“Mothers In Jazz” is a new series, started by vocalist Nicky Schrire. The initiative aims to create an online resource for working jazz musicians with children, those contemplating parenthood, and jazz industry figures who work with and hire musicians who are parents. The insight of the musicians interviewed for this series provides valuable emotional, philosophical and logistical information and support that is easily accessible to all. “Mothers In Jazz” shines a light on the very specific role of being both a mother and a performing jazz musician.

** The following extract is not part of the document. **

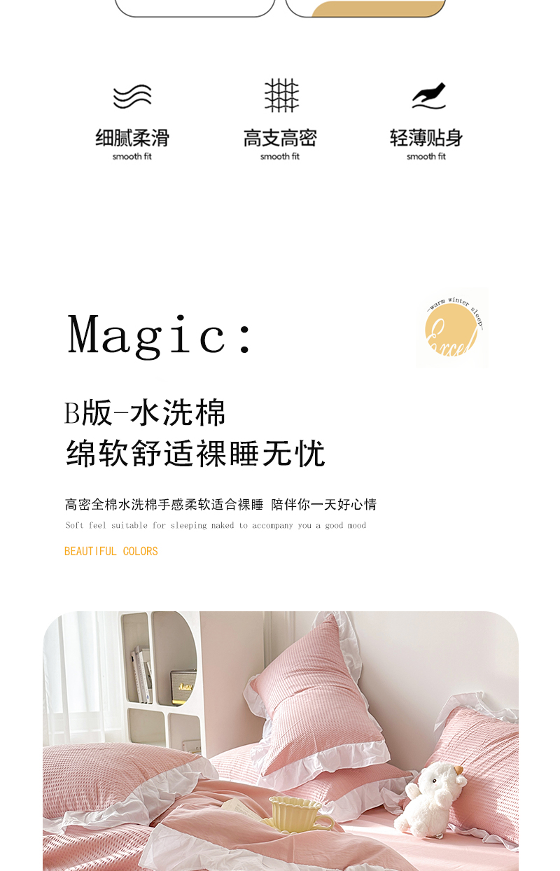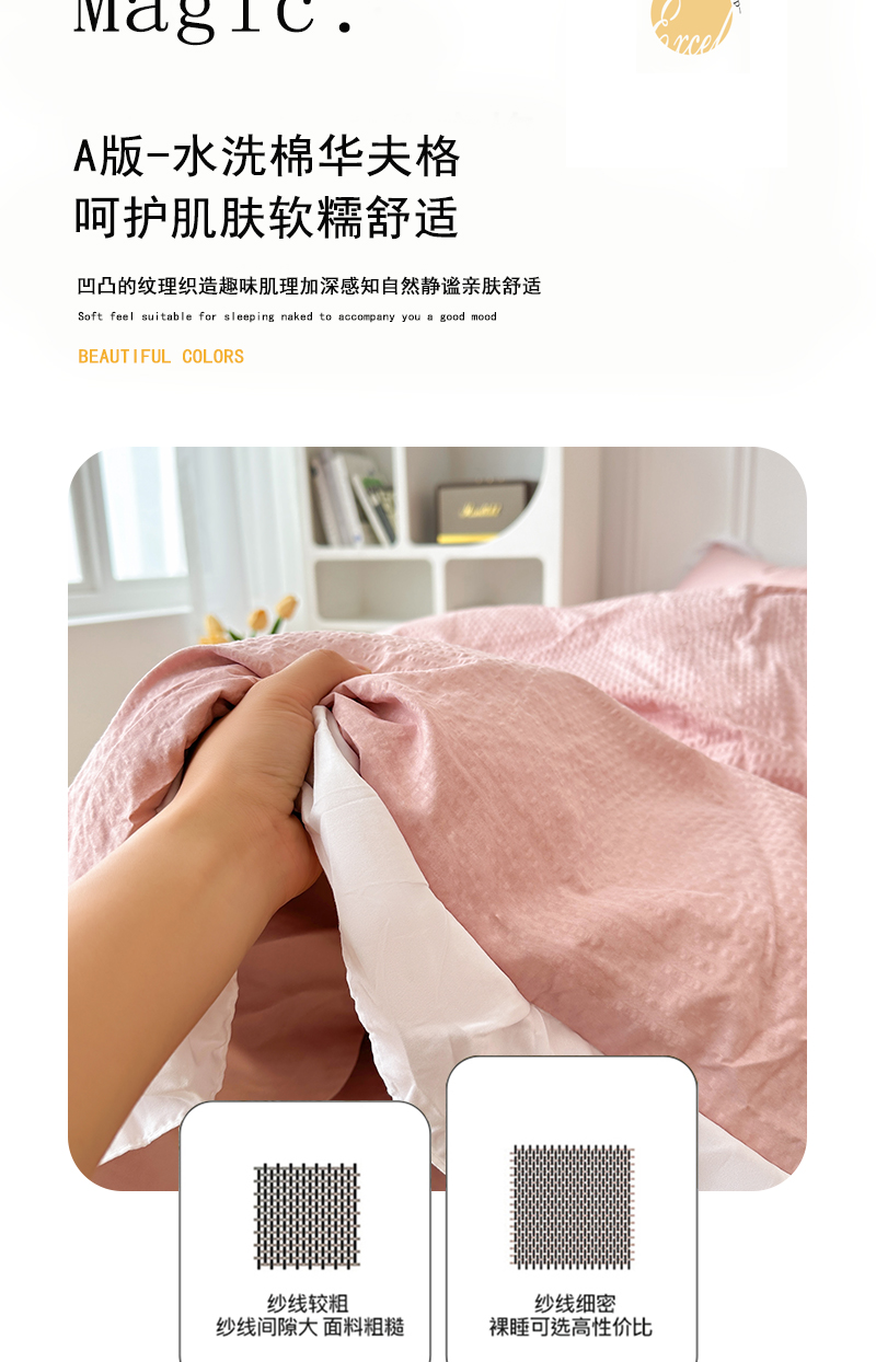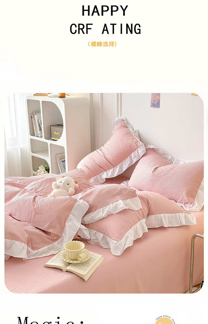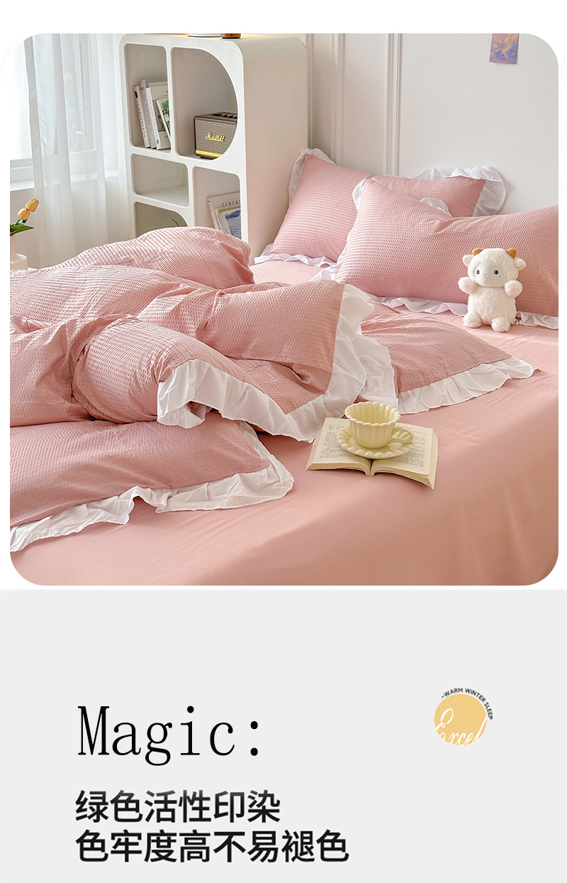 (总)啊雅家居 2026新款轻奢韩式花边华夫格四件套,梦幻粉,梦幻黄,梦幻灰,梦幻兰,梦幻绿

Kristin Berardi is a vocalist, composer and educator originally from Queensland, Australia. A dazzling improviser, she has collaborated with musicians including Dan Tepfer, Kenny Werner and Barney McAll. Kristin has received a slew of accolades, including winning the Montreux Jazz Festival’s International Jazz Vocal Competition in 2006, and being the only vocalist to receive the prestigious Freedman Music Fellowship for Jazz. A three-time National Bell Award-winner for “Best Jazz Vocal Album”, she performs internationally and just released her latest album “The Light and The Dark”, which features trumpeter Ingrid Jensen. Kristin recently relocated to Lucerne, Switzerland to take up a teaching position at Lucerne University of Applied Sciences and Arts/Hochschule Luzern (HSLU). She has two children, aged 11 and 15.
LondonJazz News: What is the best advice you received about balancing/juggling motherhood and career?
Kristin Berardi: I can’t remember being given any advice, but I remember just knowing I needed to keep active in music for me/for myself, and both of my children were well as babies so I was able to do this more easily. I was lucky in this way.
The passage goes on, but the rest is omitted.